A definition of equality.

Lean’s type theory contains a definition of equality! This is great because it means we know where we stand. Here’s the definition:

inductive eq {X : Type} : X → X → Prop
| refl (a : X) : eq a a

infix ` = `:50 := eq

What does all that baloney mean? Well, this is an inductive definition of a binary relation. Let X be a type or a set or however you want to think of a collection of stuff. The binary relation eq on X takes as input two things in X, call them a and b, and spits out a true-false statement eq a b. We’ll get to the definition in a second, but that last line means “the notation a = b is defined to mean eq a b, with BIDMAS-power 50”. Let’s use the = notation from now on instead of eq, because it’s familiar-looking.

So, let’s get to the heart of the matter: how do we define a = b? Well, Lean’s definition says the following: “there is only one tool we have to prove the equality of two things, and it’s the theorem refl a, which is a proof of the statement a = a. That’s it.” Thanks to Andrej Bauer who on Twitter pointed out that a neat way to think about this definition is: equality is the smallest binary relation which is reflexive. Andrej also tells me that this is Martin-Löf’s definition of equality.

OK great. We have now apparently defined the true-false statement a = b, and we can prove that a = a is true, so this is a good start. But how the heck are we going to go from this to symmetry and transitivity? We’re going to use induction!

Inductive types: a reminder

In my last post, I waffled on about inductive types. I was going to talk about equality in that post, but it had already got quite long, so I thought I’d deal with equality separately, and so here we are.
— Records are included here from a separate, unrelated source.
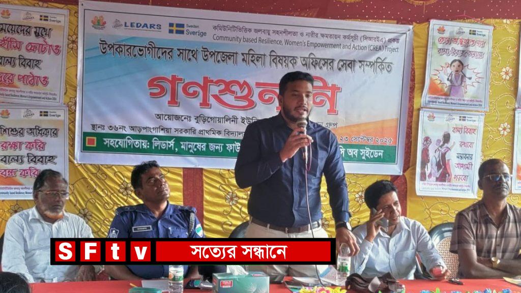 শ্যামনগর উপজেলার বুড়িগোয়ালিনী ইউনিয়ন ক্লাইমেট এ্যাকশন গ্রুপের আয়োজনে লিডার্স, মানুষের জন্য ফাউন্ডেশন ও এ্যাম্বাসি অব সুইডেনের সহযোগিতায় কমিউনিটি ভিত্তিক জলবায়ু সহনশীলতা ও নারীর ক্ষমতায়ন কর্মসূচি (সিআরইএ) প্রকল্পের আওতায় বুড়িগোয়ালিনী ইউনিয়নের ৩৬নং আড়পাংগাশিয়া সরকারী প্রাথমিক বিদ্যালয়ের সাইক্লোন শেল্টার প্রাঙ্গণে মঙ্গলবার (২৩ সেপ্টেম্বর ২০২৫) গণশুনানির আয়োজন করেন।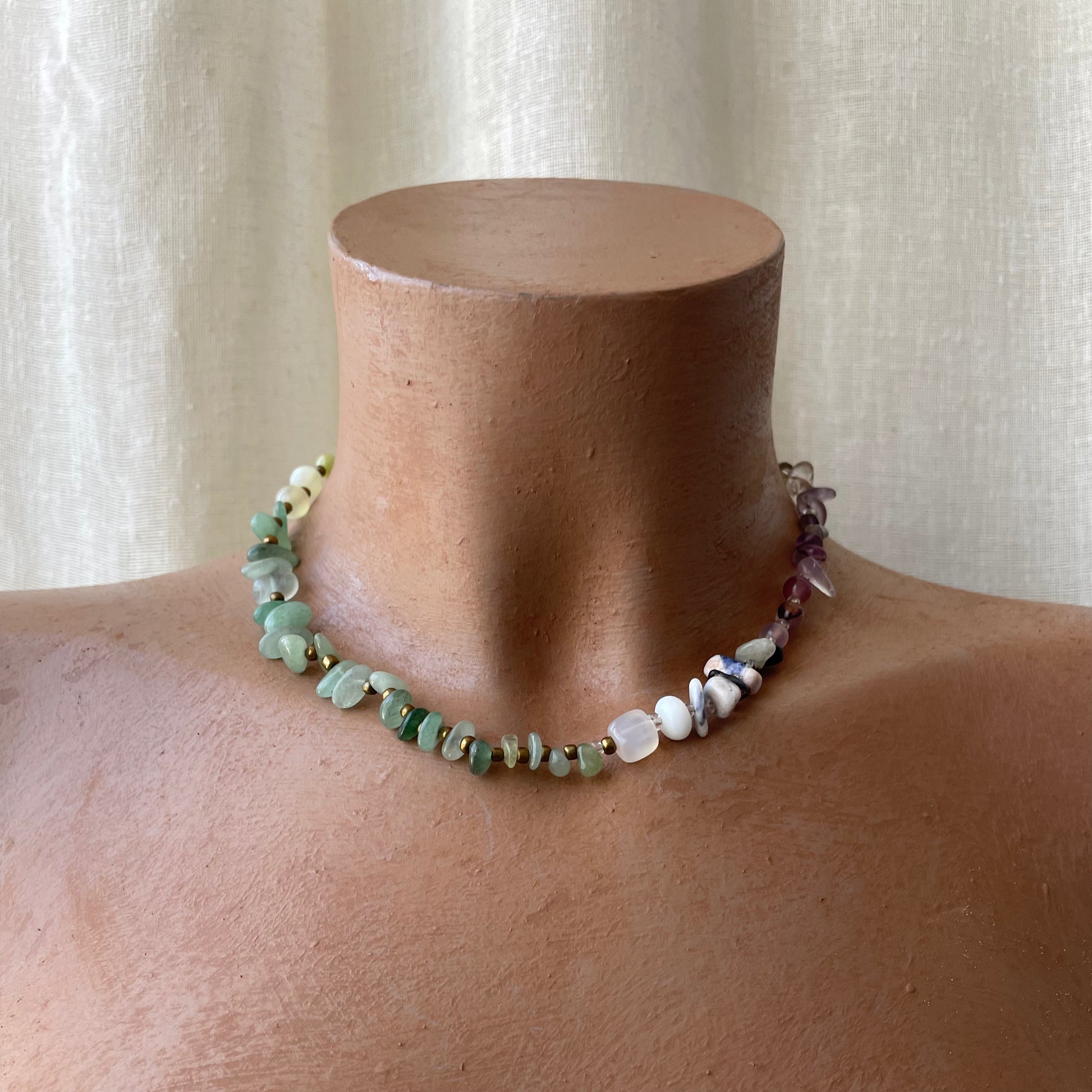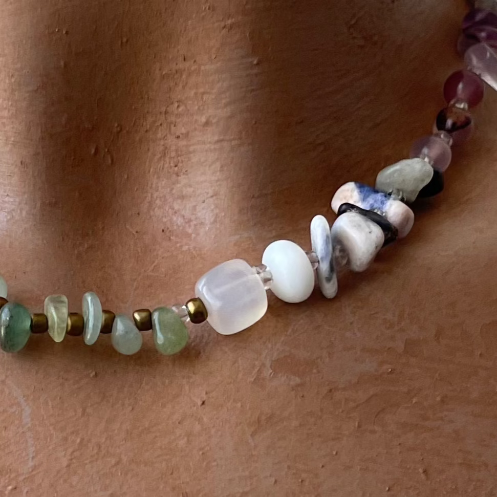 Various Semi-Precious beads and chips beautifully curated into colour gradient pattern, gold hematite spacer.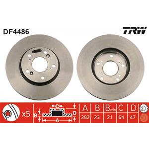 TRW Disco Freno Ventilato Anteriore DF4486 - Altezza 47mm, Diametro Esterno 282mm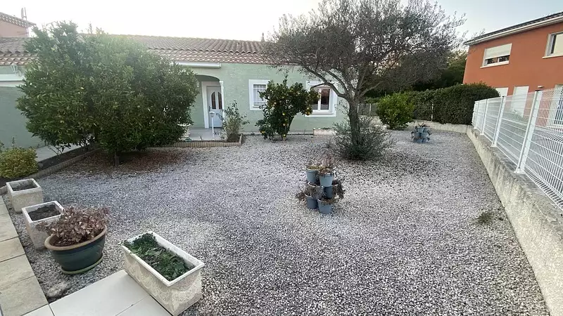 Buanderie, garage. Terrasse ombragée couverte, terrain plat et clos.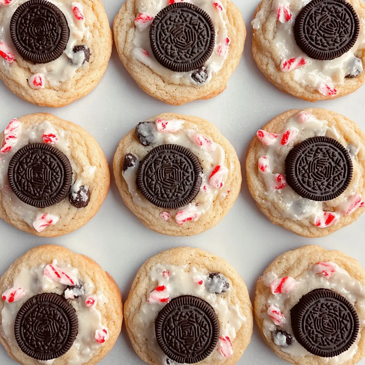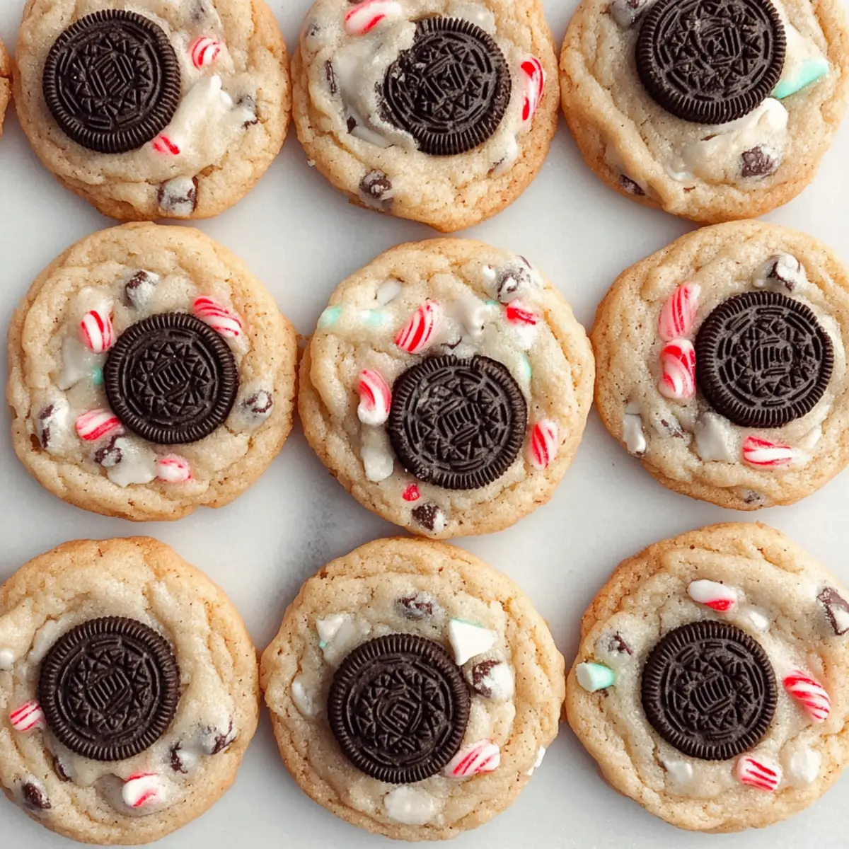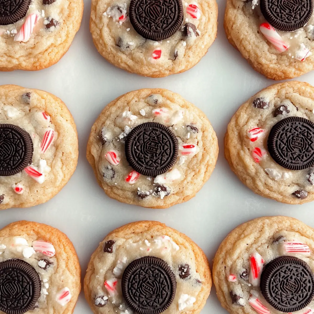 Jump to Recipe Print RecipeAs the holiday season approaches, the sweet scent of baking fills the air, evoking cherished memories of family gatherings. Today, I’m excited to share my recipe for Easy Peppermint Oreo Cookies, a delightful way to spread festive cheer without spending hours in the kitchen. These cookies combine the beloved crunch of Oreos with a refreshing peppermint twist—making them an instant crowd-pleaser. Plus, they’re not just incredibly delicious; they’re also easy to make ahead, perfect for busy holiday schedules. In about 30 minutes, you’ll have a scrumptious batch ready to impress family and friends. What’s your favorite cookie to bake during the holidays? Why Are These Cookies a Must-Bake? Irresistible Flavor: The combination of rich chocolate and cool peppermint takes traditional cookies to a festive new height, making them a tantalizing treat for everyone. Quick to Prepare: With just 30 minutes, you can whip up a batch, perfect for those last-minute holiday gatherings or cookie swaps. Make-Ahead Delight: These cookies can be easily made in advance and stored, ensuring you’re always ready to impress guests with a homemade touch. Crowd-Pleasing Goodness: Both kids and adults absolutely love these cookies, making them the ideal choice for parties and events—everyone is sure to go back for seconds! Creative Variations: Feel free to customize with seasonal ingredients or different Oreo flavors, allowing you to create unique treats that suit any gathering. For more holiday inspiration, check out our collection of easy baking recipes. Christmas Peppermint Oreo Cookies Ingredients For the Cookie Base Unsalted Butter – Adds richness and moisture; substitute with salted butter, reducing additional salt by 1/4 tsp. Brown Sugar – Provides sweetness and a chewy texture; use dark brown for deeper flavor or all white sugar for less chewiness. Granulated Sugar – Sweetens the dough while contributing to the cookie’s texture. Eggs – Binds the ingredients together; use at room temperature for better emulsion. Vanilla Extract – Enhances the overall flavor profile of the cookies. All-Purpose Flour – The core structure component, essential for shaping cookies. Cornstarch – Keeps cookies soft and chewy; replace with all-purpose flour (add 2 tsp) if needed. Baking Soda – Helps the cookies rise to give them that perfect texture. Salt – Balances sweetness and enhances the overall flavors of the cookies. For the Festive Touch Andes Peppermint Baking Bits – Adds delightful bursts of minty flavor; can be swapped with crushed candy canes or chopped mint chocolate bars for a fun twist. Chopped Oreo Cookies – Core flavor; feel free to use regular or mint Oreos for an extra minty experience. Semisweet Chocolate Chips – Provides that essential chocolatey goodness; may substitute with dark, white, or mint chocolate chips based on your taste preference. These Christmas Peppermint Oreo Cookies will surely become a holiday favorite, adding a sweet and festive flair to your gatherings! Step‑by‑Step Instructions for Christmas Peppermint Oreo Cookies Step 1: Preheat the Oven Start by preheating your oven to 400°F (200°C) and line two baking sheets with parchment paper. This is a crucial first step, ensuring your Christmas Peppermint Oreo Cookies bake evenly and don’t stick to the pans. While the oven heats up, gather your ingredients and let your cold butter sit out to soften slightly. Step 2: Cream the Butter and Sugars In a large mixing bowl, use an electric mixer to beat the cold, cubed butter together with brown and granulated sugar on medium-high speed for about 3-4 minutes. The mixture should become creamy and light in color, signaling that the sugar has begun to dissolve fully. This ensures each cookie will be rich and chewy, the perfect base for your festive cookies. Step 3: Incorporate the Eggs and Vanilla Add in the eggs and vanilla extract to the butter-sugar mixture. Beat everything together on medium speed until well combined, scraping down the sides of the bowl as necessary. The mixture should be smooth and uniform, indicating it’s ready for the dry ingredients. This combination of flavors will enhance the overall taste of your Christmas Peppermint Oreo Cookies. Step 4: Mix in the Dry Ingredients Gradually add the all-purpose flour, cornstarch, baking soda, and salt to the wet ingredients on low speed. Mix just until combined to avoid overworking the dough; you want it to remain soft and luscious. The dough will start to come together, and it should not be overly sticky or crumbly at this stage. Step 5: Fold in Festive Additions Gently fold in the Andes peppermint baking bits, chopped Oreos, and semisweet chocolate chips using a spatula. Be careful not to overmix, as this can toughen the cookies. The colorful bits should be evenly distributed throughout the dough, bringing that delightful holiday flair to your Christmas Peppermint Oreo Cookies. Step 6: Portion the Dough Using a 1/4 cup scoop, portion out the cookie dough onto the prepared baking sheets, making sure to space them about 2 inches apart. This allows plenty of room for the cookies to spread as they bake. You’ll be greeted by the sweet aroma of peppermint and chocolate soon! Step 7: Bake to Perfection Bake the cookies in your preheated oven for 10–12 minutes. You’ll know they’re ready when the edges are golden brown and the centers still look slightly underbaked. This step is key in achieving that perfect chewy texture, ensuring your Christmas Peppermint Oreo Cookies are delightful and soft. Step 8: Cool and Enjoy Once baked, let the cookies cool on the baking sheet for 5 minutes before transferring them to a wire rack. This cooling time allows them to set properly. After about 10 minutes on the rack, they will be ready to enjoy, with that perfect combination of chocolate and refreshing peppermint flavor bringing cheer to your holiday gatherings! Make Ahead Options Thes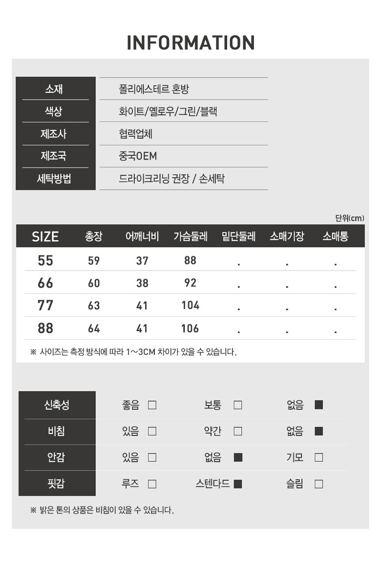 1. 제품 소재 (섬유의 조성 또는 혼용률을 백분율로 표시, 기능성인 경우 성적서 또는 허가서) | 상세페이지참고 |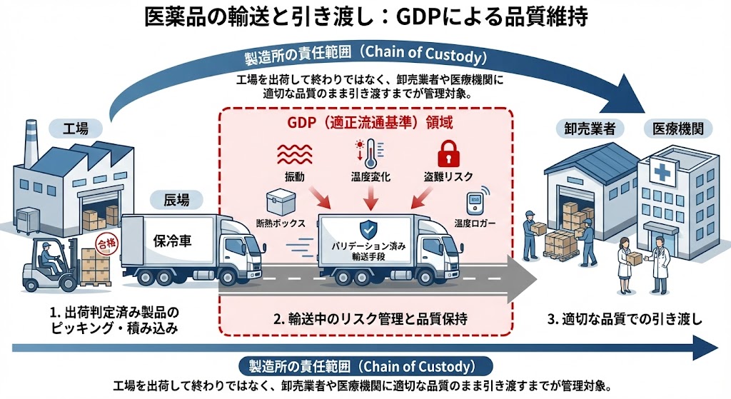 ここからはGDP(Good Distribution Practice)の領域となる。

The take home message from the last post was that if you define something as an inductive type in a type theory like Lean’s, then Lean automatically generates a new axiom in the system called the recursor for that type. This axiom is generated automatically by the rules of the calculus of inductive constructions. For example, if you define the natural numbers inductively using Peano’s axioms, then the recursor is just the statements that induction and recursion are true (propositions are types in Lean, so one function can be interpreted in two ways depending on whether you apply it in the Prop universe or the Type universe). The recursor attached to an inductive type is a way of saying “if you want to do something to every instance of the thing you’re defining, it suffices to do it for all the constructors”, and a special case of it is the “inductor”, which says, in our case, that if you want to deduce something from a = b then all you have to do is make sure you can prove it in the special case a = a. Formally, the inductor for = is the following statement:

eq.inductor (X : Type) (R : X → X → Prop)
  (h : ∀ x, R x x) (a b : X) : a = b → R a b

Note the fancy type theory R : X → X → Prop for what a mathematician would call “R is a binary relation on X” (reason: R : X → X → Prop means R\in \mathrm{Hom}(X,\mathrm{Hom}(X,\{\tt{true},\tt{false}\})) in maths speak, i.e., R is a true-false statement attached to every pair of elements of X). So, in words, the inductor says that if you have any binary relation R on X such that R x x is true for all x, and if you know that a = b, then R a b is true. That’s the tool we have. Again let’s go back to Andrej’s observation: the definition of equality can be thought of as saying that it is the smallest (or the initial) binary relation which is reflexive, and the inductor then makes this rigorous by saying that any other reflexive binary relation must contain equality.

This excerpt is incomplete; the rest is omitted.